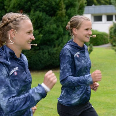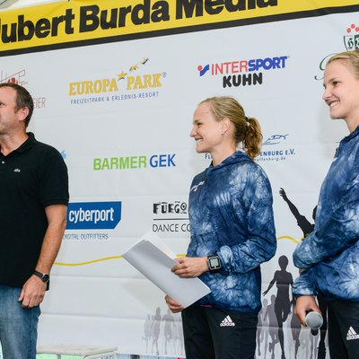 Zu meiner Überraschung bin ich eine der 15 Gewinner, die an diesem Abend einen der riesigen Pokale mit nach Hause nehmen dürfen. Aber mein größtes Highlight ist es, mit zwei zukünftigen Olympioniken auf der Bühne zu stehen. Anna und Lisa Hahner sind die weltweit schnellsten Marathonzwillinge und treten dieses Jahr bei den Olympischen Spielen in Rio für Deutschland an. Wie im Jahr zuvor liefen sie mit und begleiteten die Burda-Mitarbeiter durch den Abend.
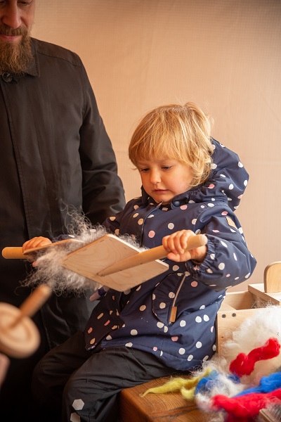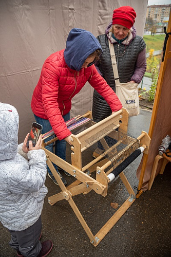 Клуб ткачества и прядения «Ткачики» провели мастер-классы, на которых можно было своими руками прочесать шерсть, скрутить нитку, соткать узор и сделать набойку листьями на ткань.
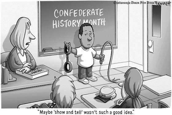 Some people like to gloss over uncomfortable history. Editorial cartoon by Clay Bennett, Chattanooga Times-Free Press.
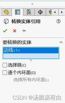 用途:给几何中已有的线提取到正在绘制的草图中,即将所选边线和草图实体转换为相同实体,方法是将其投影到草图平面或面上。
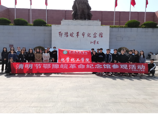 在鄂豫皖革命纪念馆前,学生代表彭俊源向大家讲述革命先烈辉煌事迹,缅怀革命先烈的丰功伟绩和崇高精神,并宣布清明主题团日活动正式开始。首先,全体人员庄严肃立,向英雄雕像默哀一分钟,表达对革命先烈的深切哀思和崇高敬意。接着,党委副书记曲剧进行发言,引导化院学子要厚植家国情怀,牢记革命历史,踏着前辈们的足迹砥砺前行、自强不息。然后,今年会团委书记赵方方带领大家在鄂豫皖革命纪念馆前庄严宣誓,传承英烈遗志,弘扬青春正能量。最后,全体成员共同为此次活动拍照留念,并由老师带领同学深入参观鄂豫皖革命纪念馆,追忆革命故事,追寻先烈足迹。
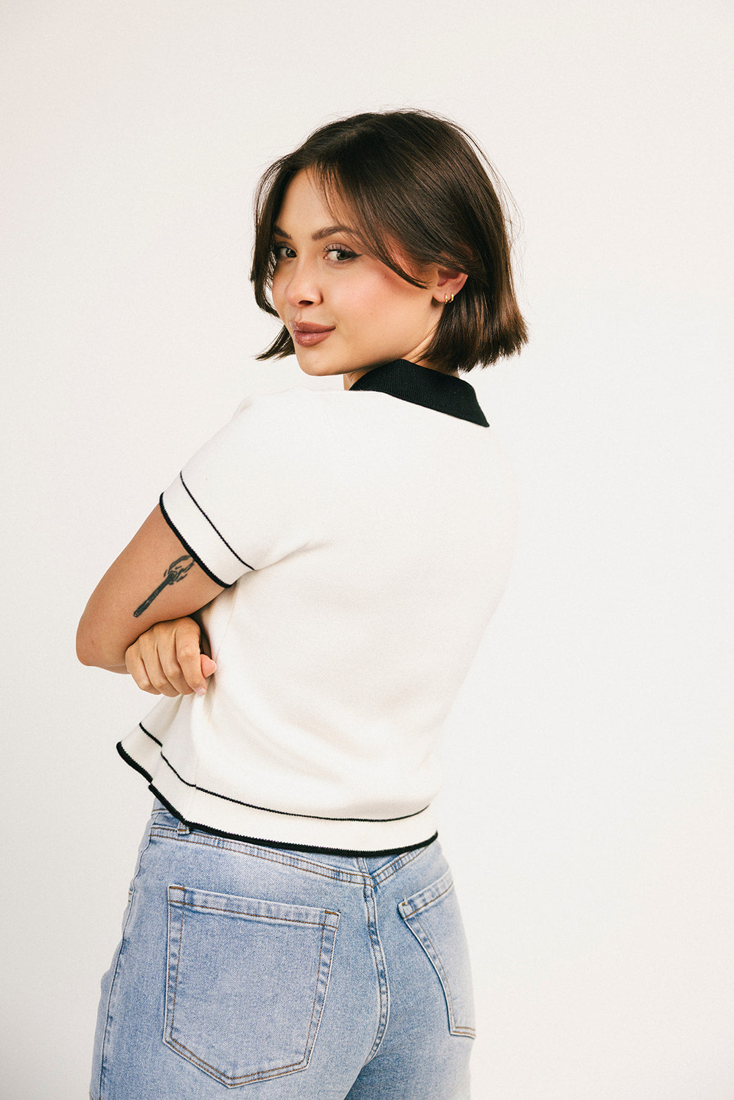 Förhöj vilken avslappnad outfit som helst med denna eleganta svartvita topp med knappar. Med eleganta monokromatiska detaljer och en lätt beskuren silhuett är det en topp som passar både för både "business casual" och "tjejkvällar". Klä upp den med en minikjol + klackar, eller avslappnat med denim + plattskor.
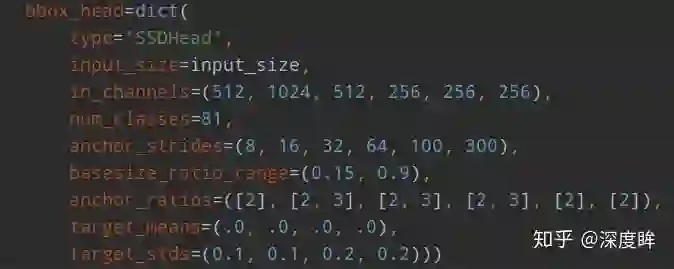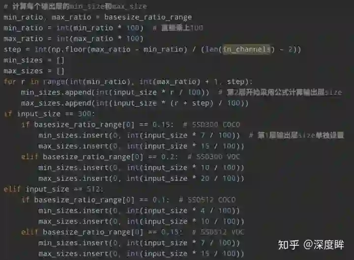 可以看出,ssd一共包括6个尺度输出,每个尺度的strides可以从anchor_strides中看出来,basesize_ratio_range表示正方形anchor的min_size和max_size,anchor_ratios表示每个预测层的anchor个数,以及比例。有点绕,下面具体分析。为了方便设置anchor,作者设计了一个公式来生成anchor,具体为:

== == ==

Leaving out only the pictures, retype every record exactly.

 Zu meiner Überraschung bin ich eine der 15 Gewinner, die an diesem Abend einen der riesigen Pokale mit nach Hause nehmen dürfen. Aber mein größtes Highlight ist es, mit zwei zukünftigen Olympioniken auf der Bühne zu stehen. Anna und Lisa Hahner sind die weltweit schnellsten Marathonzwillinge und treten dieses Jahr bei den Olympischen Spielen in Rio für Deutschland an. Wie im Jahr zuvor liefen sie mit und begleiteten die Burda-Mitarbeiter durch den Abend.
 Клуб ткачества и прядения «Ткачики» провели мастер-классы, на которых можно было своими руками прочесать шерсть, скрутить нитку, соткать узор и сделать набойку листьями на ткань.
 Some people like to gloss over uncomfortable history. Editorial cartoon by Clay Bennett, Chattanooga Times-Free Press.
 用途:给几何中已有的线提取到正在绘制的草图中,即将所选边线和草图实体转换为相同实体,方法是将其投影到草图平面或面上。
 在鄂豫皖革命纪念馆前,学生代表彭俊源向大家讲述革命先烈辉煌事迹,缅怀革命先烈的丰功伟绩和崇高精神,并宣布清明主题团日活动正式开始。首先,全体人员庄严肃立,向英雄雕像默哀一分钟,表达对革命先烈的深切哀思和崇高敬意。接着,党委副书记曲剧进行发言,引导化院学子要厚植家国情怀,牢记革命历史,踏着前辈们的足迹砥砺前行、自强不息。然后,今年会团委书记赵方方带领大家在鄂豫皖革命纪念馆前庄严宣誓,传承英烈遗志,弘扬青春正能量。最后,全体成员共同为此次活动拍照留念,并由老师带领同学深入参观鄂豫皖革命纪念馆,追忆革命故事,追寻先烈足迹。
 Förhöj vilken avslappnad outfit som helst med denna eleganta svartvita topp med knappar. Med eleganta monokromatiska detaljer och en lätt beskuren silhuett är det en topp som passar både för både "business casual" och "tjejkvällar". Klä upp den med en minikjol + klackar, eller avslappnat med denim + plattskor.
 可以看出,ssd一共包括6个尺度输出,每个尺度的strides可以从anchor_strides中看出来,basesize_ratio_range表示正方形anchor的min_size和max_size,anchor_ratios表示每个预测层的anchor个数,以及比例。有点绕,下面具体分析。为了方便设置anchor,作者设计了一个公式来生成anchor,具体为:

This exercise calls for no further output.